STEPHANOPOULOS: You've also talked a lot about your record after 9/11. There's a group of pretty determined firefighters, who want to defeat you on this issue. They're led by the deputy fire chief, James Riches, whose son died -- also a firefighter -- on 9/11.

(BEGIN VIDEO CLIP)

JAMES RICHES, DEPUTY FIRE CHIEF, FDNY: He's the guy on the top. He's the guy to yell at. He takes the hit. And my son is dead because of it.

STEPHANOPOULOS: He blames you.

GIULIANI: I feel very bad about that. And I feel very bad at the whole situation. I feel these people -- all these people, myself and all the people that were involved in this -- have been very hurt by this. And it creates a lot of pain. It creates a lot of suffering. And if they're angry at me, so be it.

I did everything I -- I did everything I could think of doing in that situation to help. I think I made mostly the right decisions. Probably didn't make all the right decisions, but I tried very hard to alleviate the problem as much as I could, and to lift the spirits of the city.

And in most cases, I think I made the right decisions. In some cases I may not. And then maybe just some people that are angry at me for it, and I'm not going to argue with them. My gosh. They've gone through too much for anybody to be arguing with them.

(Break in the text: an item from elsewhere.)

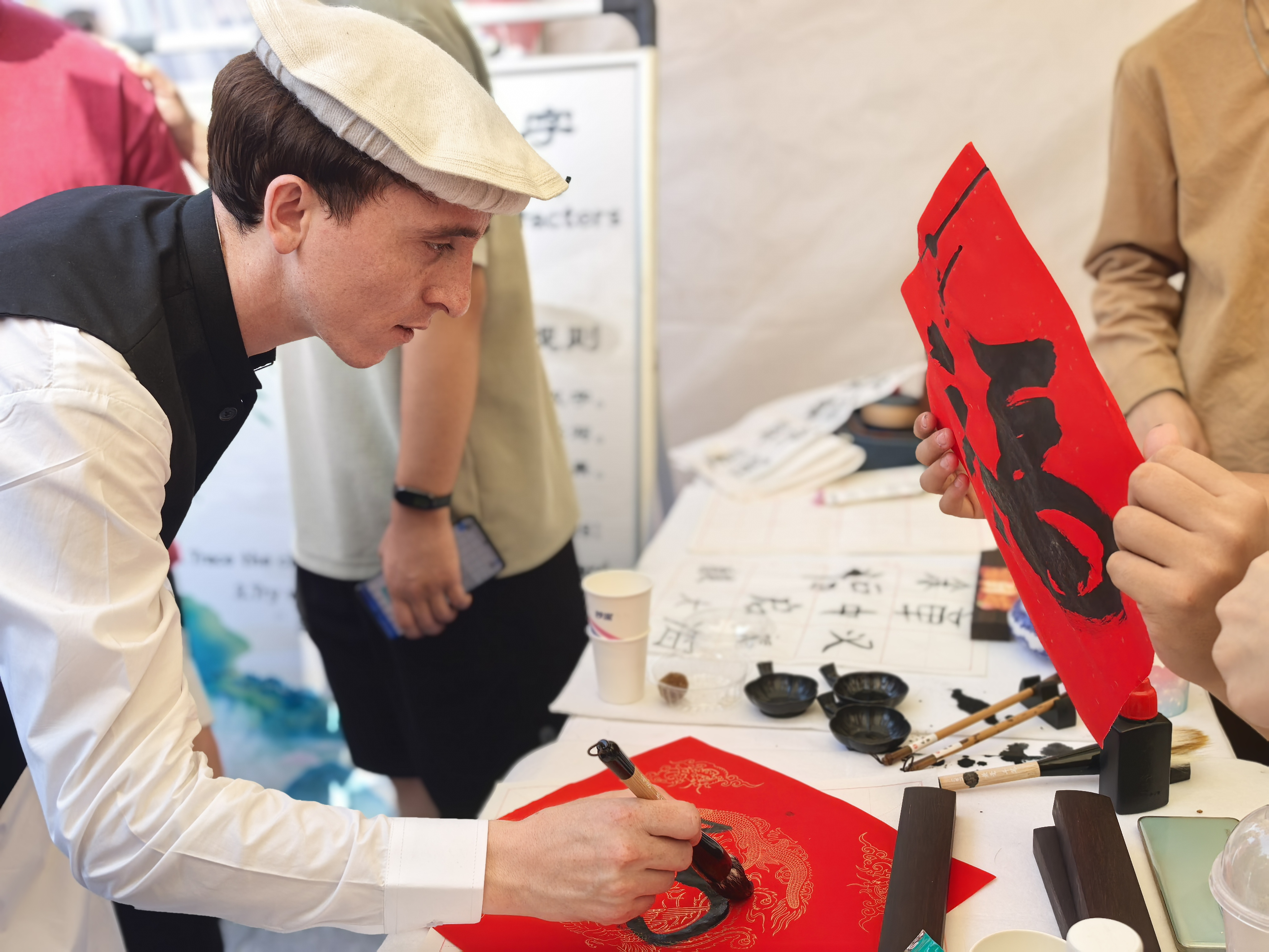 “诗韵节俗”环节中,参与者手持印有古典诗词的卡片,从多张图片里找出对应传统节日场景,在诗画匹配间读懂节日文化内涵;“墨韵汉字”环节,中外学生对照临摹参考图,写下一个个各具特色的“福”字,在一笔一划中感受楷书汉字的笔画美感;“诗语拾趣”则以主题问答形式,参与者围绕“描写春天”“包含月亮”等主题回答诗句。

Stephanopoulos: They make two main charges. Number one, that those firefighters in the north tower, many of them lost their lives because their radios didn't work. They also say you ended the recovery efforts too soon.

Giuliani: Well, the radios that you're talking about weren't put online for three, four, five years after. So, it would have been impossible for me to have those radios ready. It took the city two or three more years...

STEPHANOPOULOS: But they had malfunctioned in 1993.

GIULIANI: But even with the new equipment, it took another two or three years for those radios to be put online. So it would have been impossible for us to have gotten them online before that, given the fact that it took so long afterwards. As far as ending it too soon, I kept it going, you know, as long as we could. I mean, I was just as involved, just as hurt, just as interested, and I had friends that I lost that I wanted to see recovered just as much as everyone else.

So, I did it -- I did it -- it was going on, actually, all during the time I was there, until the time I left. I never took -- I never took any action to have some kind of a precipitous halt to what happened there. And if they think that, that just isn't correct, and I would never have done anything like that. I had too much at stake, even personally, for an action like that.

STEPHANOPOULOS: These firefighters say they're going to be dogging you in South Carolina and Florida. And Senator McCain's campaign says this is going to be a tough general election issue. It's one more reason, they say, not to vote for you.

A New York City Council report on the fire department’s radio procurement process concluded:

Thus, despite its acknowledgment two years earlier that several manufacturers were developing technology that might meet FDNY’s CAI specifications, and in apparent disregard of its pledge to evaluate new technologies and products, the FDNY appears to have elected to accept a radio representing an entirely new communications technology from Motorola rather than conduct a competitive review of products and prices.